The per-proto content files mean editing one .proto regenerates only its five siblings (incremental friendly); the per-package stitcher means register_types is naturally one fn per package, so multi-file packages (e.g. seven WKT files in google.protobuf) no longer collide.

No convenience re-exports. Short-path aliases like pub use __buffa::view::* at package level are deliberately not emitted. They would make pkg::FooView work in the common case but silently change meaning (or disappear) when a user-defined message FooView exists — a "clean 95% / surprising 5%" pattern that trades predictability for brevity. The canonical __buffa:: path is the only path; it is unconditional.

3. MessageField<T> — Ergonomic Optional Messages

Prost uses Option<Box<M>> for optional message fields, which creates unwrapping ceremony everywhere:

let name = msg.address.as_ref().unwrap().street.as_ref().unwrap();

Buffa uses a wrapper type MessageField<T>, which dereferences to a default instance when unset:

// Buffa: just works
let name = &msg.address.street;

// Check if actually set
if msg.address.is_set() { ... }

// Mutate (initializes to default if unset)
msg.address.get_or_insert_default().street = "123 Main St".into();

MessageField<T> is heap-allocated (Option<Box<T>> internally) so the struct size stays small, but the Deref impl provides transparent read access through a lazily-initialized &'static T default singleton.

4. EnumValue<T> — Type-Safe Open Enums

Prost represents all enum fields as i32, losing type safety. Buffa generates Rust enums and wraps open-enum fields in EnumValue<T>:

#[derive(Clone, Copy, PartialEq, Eq, Hash, Debug)]
#[repr(i32)]
pub enum PhoneType {
    MOBILE = 0,   // variant names are verbatim from the .proto — no case transform
    HOME = 1,
    WORK = 2,
}

pub enum EnumValue<T: Enumeration> {
    Known(T),
    Unknown(i32),
}

For open enums (default in editions), the field type is EnumValue<PhoneType> — preserving unknown values for round-tripping while giving match ergonomics for known variants.

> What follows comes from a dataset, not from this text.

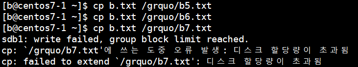 - hard 범위 이상까지 파일을 복사하면 파일 생성이 불가.
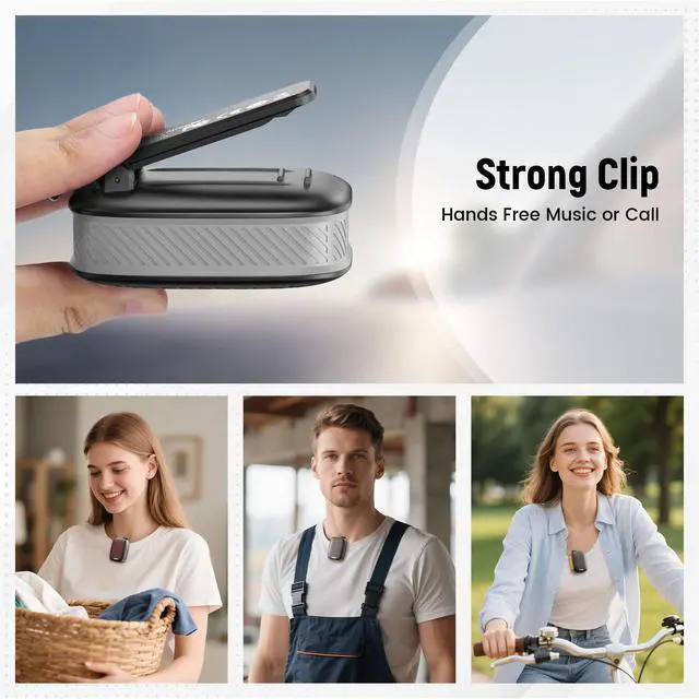 Portable Bluetooth Speaker & Strong ClipThis portable Bluetooth speaker features a pocket-sized design, allowing you to easily play music and answer calls. The speaker has a hands-free clip design, enabling you to attach it to your collar or backpack whether you're exercising or working, so you can enjoy music anytime, anywhere. The button design facilitates easy operation, allowing you to answer calls and switch music with just a press of a button.

For closed enums, the field type is PhoneType directly, and unknown values are routed to unknown fields during decoding.

5. Cached Encoded Size — Linear-Time Serialization

Prost recomputes message sizes at every nesting level during serialization, leading to potentially exponential time for deeply nested messages. Buffa fixes this with CachedSize:

pub struct CachedSize {
    size: AtomicU32,  // Relaxed ordering — free on all major platforms
}

Each generated message struct contains a CachedSize field. Serialization is a two-pass process:

  1. compute_size() — walks the message tree, computes sizes bottom-up, caches each message's size in its CachedSize field.
  2. write_to() — walks the tree again, writing bytes and using cached sizes for length-prefixed sub-message headers.

Both passes are O(n) in the total message size. The C++ protobuf implementation has used this approach from the start.

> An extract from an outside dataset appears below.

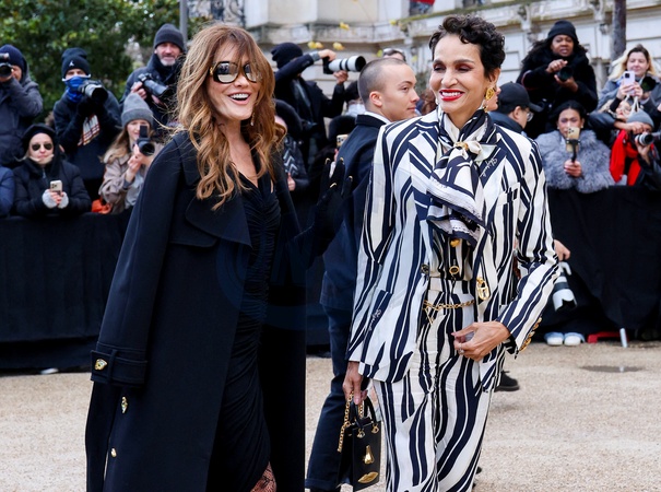 Carla Bruni Sarkozy et Farida Khelfa - Arrivées et sorties au défilé Schiaparelli au Petit Palais pour la Collection Haute Couture Printemps/Eté 2025 lors de la Fashion Week de Paris (PFW), France, le 27 janvier 2025. © Debis Guignebourg/Bestimage Arrivals and exits at the Schiaparelli fashion show at the Petit Palais for the Spring/Summer 2025 Haute Couture Collection during Paris Fashion Week (PFW), France, on January 27, 2025. © Debis Guignebourg/Bestimage

AtomicU32 over Cell<u32>: An earlier design used Cell<u32> on the assumption that avoiding atomics would be faster, since serialization is single-threaded. In practice, Relaxed-ordered atomic load/store compiles to identical machine instructions as a plain memory access on every major platform (x86/x86_64 TSO, ARM64, ARM32, RISC-V) — the only difference is a compiler reordering barrier, which has zero runtime cost. Switching to AtomicU32 makes messages Sync, enabling Arc<Message> and read-sharing across threads, at no measurable overhead. The DefaultInstance trait requires T: Sync for its static lazy-initializer pattern; !Sync messages made it impossible to compile the generated DefaultInstance impl, which was the decisive factor.

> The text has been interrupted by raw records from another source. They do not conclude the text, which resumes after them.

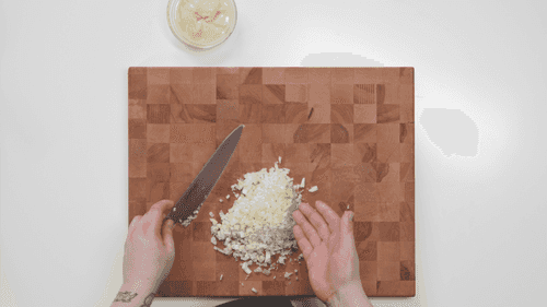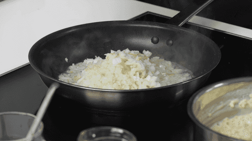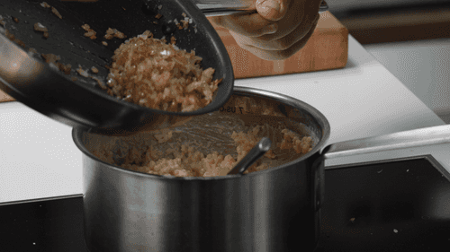 Heat 30 grams of duck fat in a pan, fry the onion until golden. Season with salt and pepper.
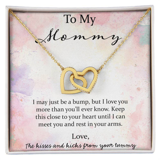 To My Mommy I May Just Be A Bump - Pink Interlocking Hearts Necklace
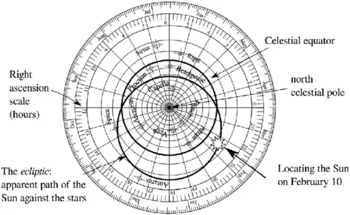 The rete, representing the sky, functions as a star chart. When it is rotated, the stars and the ecliptic move over the projection of the coordinates on the tympan. One complete rotation corresponds to the passage of a day. The astrolabe is, therefore, a predecessor of the modern planisphere.

Serialization must still be sequenced: compute_size() and write_to() must be called in order without interleaving from another thread. merge() requires &mut self, so mutation is still exclusive. Sync enables shared read access to a fully-built message, not concurrent serialization.

The Message trait reflects this two-pass model:

pub trait Message: DefaultInstance + Clone + PartialEq + Send + Sync {
    // Required methods (implemented by codegen per message type):
    fn compute_size(&self) -> u32;     // Pass 1: compute and cache
    fn write_to(&self, buf: &mut impl BufMut);  // Pass 2: write (infallible)
    fn merge_field(&mut self, tag: Tag, buf: &mut impl Buf, depth: u32)
        -> Result<(), DecodeError>;     // Per-field decode dispatch
    fn cached_size(&self) -> u32;
    fn clear(&mut self);

    // Provided methods (default impls):
    fn encode(&self, buf: &mut impl BufMut);
    fn encode_to_vec(&self) -> Vec<u8>;
    fn encode_to_bytes(&self) -> Bytes;
    fn decode_from_slice(data: &[u8]) -> Result<Self, DecodeError>;
    fn merge(&mut self, buf: &mut impl Buf, depth: u32) -> Result<(), DecodeError>;
    fn merge_from_slice(&mut self, data: &[u8]) -> Result<(), DecodeError>;
    // ... + length-delimited and io::Read variants
}

6. Unknown Field Preservation

Buffa preserves unknown fields by default:

pub struct UnknownFields {
    fields: Vec<UnknownField>,
}

pub struct UnknownField {
    number: u32,
    data: UnknownFieldData,
}

pub enum UnknownFieldData {
    Varint(u64),
    Fixed64(u64),
    Fixed32(u32),
    LengthDelimited(Vec<u8>),
    Group(UnknownFields),
}

This ensures round-trip fidelity: decoding a message with a newer schema and re-encoding it preserves fields the current schema doesn't know about. This is especially important for middleware/proxy use cases.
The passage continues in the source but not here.